Listen to this post:
Big warning. If you continue with this post, you will read about or listen to descriptions of violence and abuse against people with disabilities. Continue with discretion.
A recent article out of Washington state asks “Is it cheaper to care for developmentally disabled adults in institutional settings or in community based settings?” You’ll never get a straight answer because of hidden costs (building repairs), wage differences (unionized workers versus non-unionized workers), and so many other little pieces it makes your head spin. Questions around costs of “caring for the disabled” have been ablaze for ages, with a big explosion when the ADA first passed. No! It will cost too much to bring our buildings up to new code. No! It will cost too much to have this special stuff set up when hardly anyone will ever use it. No! Disabled people are expensive. Ever notice how rarely you encounter the voices of disabled people in these debates? I notice. I wonder about it. They’re out there, but they’re much harder to find.
While we’re busy blaming disabled people for how expensive it is to accommodate them and to deal with all their allegedly fraudulent claims for benefits, do you know about Safety Net? They were a payee service that managed, sorry, “managed” government benefits money for disabled clients found to not be able to manage the money themselves. Safety Net made off with $1.4 million of that government money. Guess who has to pay out so that the real recipients can eventually get their benefits? You and me, the taxpayers. Because Social Security Administration is required by law to get the money to the recipients somehow. I don’t find uproars about systematic abuse at the white color level like this in mainstream media the way I do find all sorts of claims that individuals with disabilities are lazy moochers.
And while we’re handily distracted by discussions of cost, investigative reporters at Reveal created this frightening piece on abuse at neurorehabilitation facilities called “A Mountain of Misconduct: Treating Disabilities with No Accountability.” This article contains both audio reporting and a transcript. Please note, there are some errors in the transcript. I read it as I listened. They’re only typos that don’t affect the accuracy of the investigative reporting.
Sexual abuse, neglect, physical abuse, isolation, people with only a one-week orientation and no clinical training providing services. A facility being shut down because of abuse and violations only to reopen in the same location with the same executive and managerial staff but with a different name. I can’t tell what was worse in listening to and reading this report: the descriptions of the violence or the final segment. In the final part, a reporter talks to someone who runs one of these places. When asked about abuse and fraud, he conveniently changes the topic to weekend homes and apple orchards, and then plays audio of his mother singing a Christmas season tune. She does have a lovely voice. But what that has to do with mismanaging care, creating and destroying medical records at will, and keeping fraudulent businesses open just to keep them open, I have no idea. The fact that this distraction felt relevant to the interviewee, Joe Brennick, speaks volumes to me.
I often come across responses like “what have we come to?” and “how did we get here?” So a final note in this post: this stuff is not new. This is the stuff of our colonial history in the U.S. and the immigration policies we created back in the days of Ellis Island to weed out people whose nationalities our government found distasteful. We called them too physically challenged or feeble-minded so we didn’t have to let them in. Our nation’s history is one of testing, forcibly sterilizing, abusing, segregating, and blaming disabled people. These stories? The oldest stories we have in U.S. disability history. This whole thing where the disability community is given space in the media, education, and to craft and shape legislation, that’s the new stuff. But it’s the stuff we simply have to keep fostering so that non-disabled business owners unlearn the practices of making a living off the backs of the disability community, warehousing my community, abusing my community, and saying that my community didn’t have much potential to reach for anyway, because they are the most vulnerable, so why worry about it?

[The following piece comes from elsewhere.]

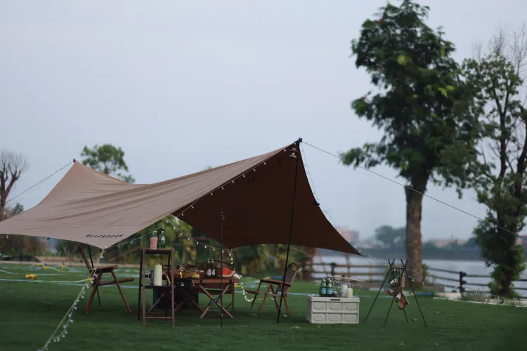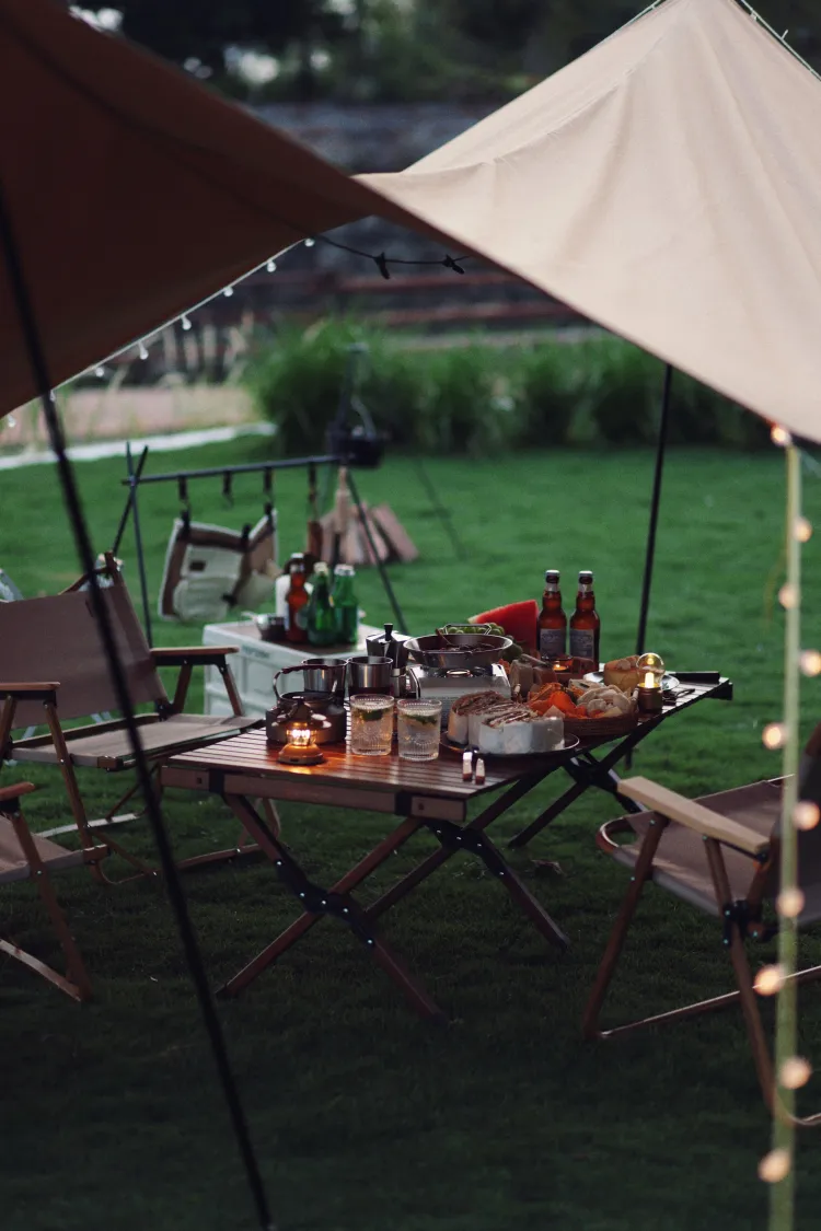 场内必要的露营装备、桌椅、天幕都准备好。

DHS doesn’t have the shiniest record of quickly addressing, fining, or closing down companies that provide for disabled adults or children with violations. If you’re aware of abuse, fraud, exploitation, or neglect at a facility in your area, please contact your local newspaper or news channel and get an investigative journalist in there. You can also try reaching out to your state’s long-term care ombudsman or a Citizen Advocacy Group.
We say that we value people with disabilities. We say that they’re so brave and courageous and inspiring for the things that they can accomplish. But when we look at how this history of abuse and segregation really hasn’t gone away, I think that shows pretty clearly what our nation’s priorities are when it comes to whether or not we value disabled people.